JORDAN PLACE, EXECUTIVE DIRECTOR
“Why Haiti?” This is a question I often hear. There are countless homeless veterans, for example, and other groups of individuals in need right here in the United States. It is natural to believe that we must take care of our own people before assisting others. From a certain perspective, this argument makes sense. It can seem wasteful and as if our priorities are out of line if we are leaving the country to help others without helping “our own”. However, I’ve often found these questioners to be more interested in critiquing my desire to serve than in actually helping homeless veterans or others in need. This is how I have generally responded.

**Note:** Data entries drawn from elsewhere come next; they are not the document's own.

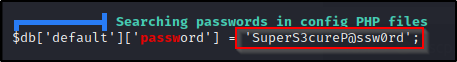 我们通常会找到 MySQL 凭据的第二个地方是 webroot 目录。它通常位于 /var/www,该目录还包含我们在获得立足点之前使用 gobuster 或 dirb 等工具对子目录进行模糊测试时找到的网页。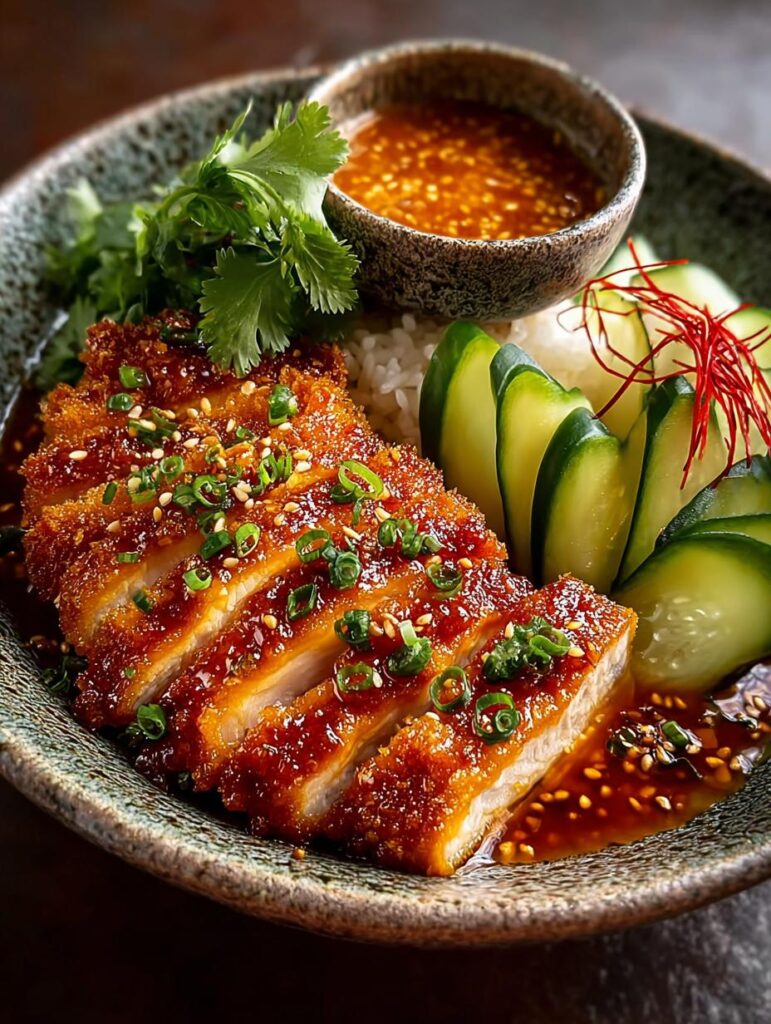 - Arrange the sliced katsu over the fluffy jasmine rice, ladle the prepared curry sauce on top, and garnish with pickled pears, toasted sesame seeds, fresh coriander, and thinly sliced spring onions.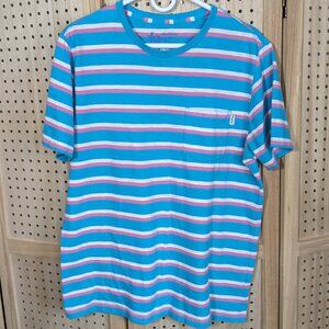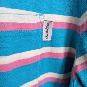 Chubbies Pink, White & Aqua striped t-shirt, front pocket, short sleeve -- such great colors!

First, I explain that understand where they are coming from, but because I’m a Christian, I believe that Americans and Haitians are equally valuable as human beings. One group should never be seen as more or less important than the other. The kingdom of heaven has no geographical boundaries. As a follower of Jesus, I am first and foremost a citizen of heaven. I love living in America and all of the privileges that come with it, but my allegiance to God supersedes any allegiance to my country. His people are my people, and His people include every person on the planet. By serving in Haiti, I am very much “helping my own.”
Second, we should not make light of any human suffering. Helping to alleviate the suffering of homeless veterans, for example, is important. This is an issue worth caring about, not simply a talking point to critique of someone’s choice to serve other people groups. Some of us are called to serve homeless U.S. veterans. Some of us are called to serve homeless Haitians. Both of these callings are equally honorable and important. As for me, I believe I was called to the people of Haiti. My choice to serve the Haitian people is an act of obedience to God to serve people He loves. For me, to stay and serve only at home in the US would be to disobey.
This article is an opinion piece. The views and opinions expressed are those of the author, and do not necessarily reflect the views and opinions of Project Piti Pami or any of our partners.